*THE PROBLEM:* Pictures are to be left out, and only the lines below starting at the one with "他指出,自2020年初以来,金价相对于五" and ending at the one with "In the United" are to be reproduced, each exactly, both ends included.

*DATA SUPPLIED:*
⁂

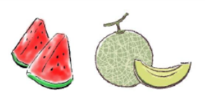 フルーツでは、西瓜(すいか)、香瓜(メロン)。
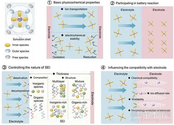 圖3 電解液、SEI、電極與電池性能的關(guān)系© The Royal Society of Chemistry 2022
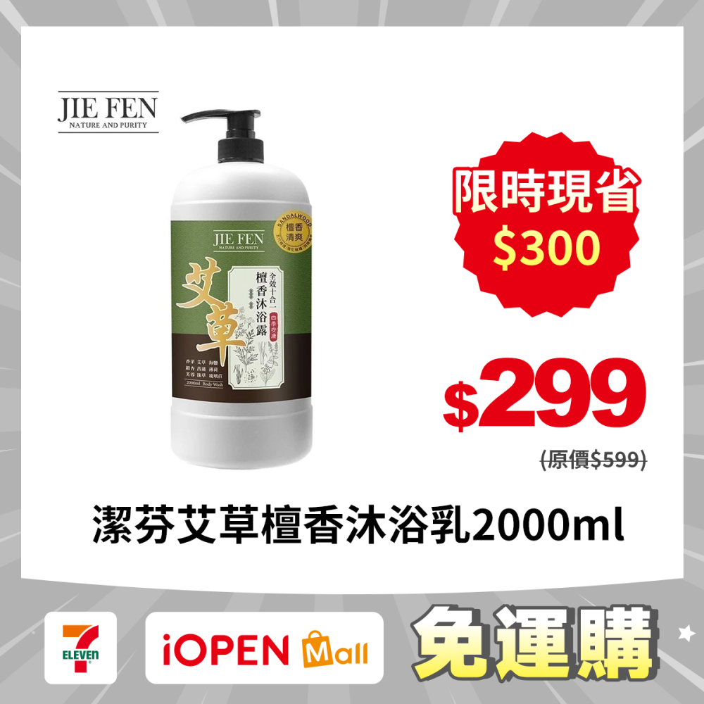 【7-ELEVEN 門市團購】【Jie Fen潔芬】艾草檀香沐浴乳2000ml|除穢淨身|清爽檀香
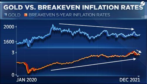 他指出,自2020年初以来,金价相对于五年通胀率、比特币和房地产投资信托基金(REITS)的盈亏平衡出现了下滑。
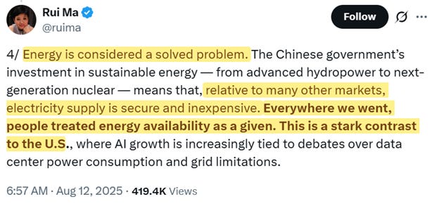 In the United States, power is the problem. But in China, power is not a problem. A group of top experts in AI came to China, looked around, and concluded that the race may already be over. Rui Ma runs TechBuzz China, but works in Silicon Valley full time. She came to a big tech conference in Shanghai, went home, and posted what her group saw on their trip to her X account. It is a long report, and here, in part 4—in China, energy is a solved problem.
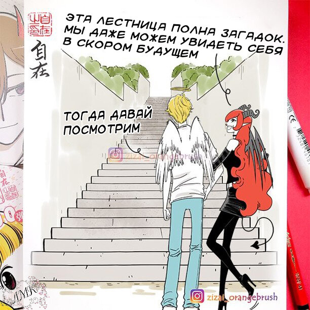 Уже многие написали о том, что хотели бы посмотреть, как ангел и Суккуб прогуляются по лестнице будущего. Так что, сегодня у меня для вас сразу две новости: хорошая и плохая. Хорошая: Сегодня будет невероятно милый комикс об этой прогулке. Плохая: Я перевела все комиксы от Цзы Цзай об этой паре, который сейчас есть в его английском аккаунте. Теперь комикс об этой паре переходит в режим: как появится на английском - так сразу переведу и на русский. Однако, не волнуйтесь слишком сильно, так как у меня еще есть с десяток комиксов, где Цзы Цзай рассказывает сразу о нескольких парочках, в числе которых, разумеется, есть и эти милашки. Кстати, для тех кто не знает, то на моем канале сейчас начал выходить новый объемный комикс, примерно в таком же стиле рисовки, юмора и прочего: Захватывающая история о молодых магах в комиксах. Эпизод 1 Этой статьи почти нет в ленте, и возможно даже не видно с телефонов. Так что просто говорю, что теперь я пытаюсь переводить и такие веб-комиксы. Ну а тепер

⁂

*COMPLETED TASK:*
 他指出,自2020年初以来,金价相对于五年通胀率、比特币和房地产投资信托基金(REITS)的盈亏平衡出现了下滑。
 In the United States, power is the problem. But in China, power is not a problem. A group of top experts in AI came to China, looked around, and concluded that the race may already be over. Rui Ma runs TechBuzz China, but works in Silicon Valley full time. She came to a big tech conference in Shanghai, went home, and posted what her group saw on their trip to her X account. It is a long report, and here, in part 4—in China, energy is a solved problem.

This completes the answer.